Candy answered, “What we really need is for Miss Paget to come forward and publicly admit that she lied.”
“Maybe you want to bring her on the show,” Jack said.
“If that’s what it takes,” Candy said, then added, “dear.”
Jack Landis stared down at the Alamo. Christ, he thought, I know how those poor bastards must have felt. And what if it ain’t Hathaway who has Polly? What if it’s the Justice Department? Or worse, “60 Minutes.” Goddamn, that ancient capon Mike Wallace would just love to spend a few of those sixty minutes with Polly Paget.
And so would I, Jack thought. Speaking of low dogs, so would I.
He missed going to bed with Polly. Polly was wild in bed, just wild. She would do things … just do things without thought or calculation that just made him crazy. That red hair whipping around, and those crazy green eyes sparkling …

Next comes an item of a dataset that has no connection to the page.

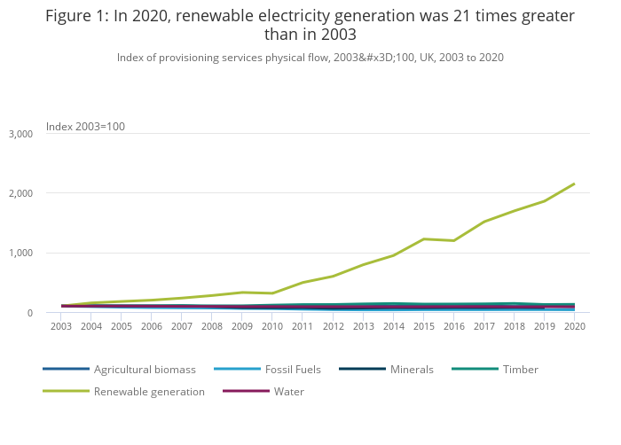 Figure 1: In 2020, renewable electricity generation was 21 times greater than in 2003

Not like Canned-Ice, who tried hard, Lord knows. But that was just it. Everything Candy ever did in the bedroom, you thought she read in some magazine or book or something. You could almost hear her thinking about “technique.” She brought all the spontaneity of a metronome into the bedroom.
Candice Hermione Landis looked at her husband and knew what he was thinking.
Jackson Hood Landis had grown up in poverty in East Texas and was scared to death of going back to either one. Candice herself had grown up in middle-class Beaumont, where her minister father made just enough money to send her to SMU before he died of a heart attack. Her mama thought that she was definitely marrying down when Candice took the vows with a salesman like Jack Landis, but Candice loved him, so that was that.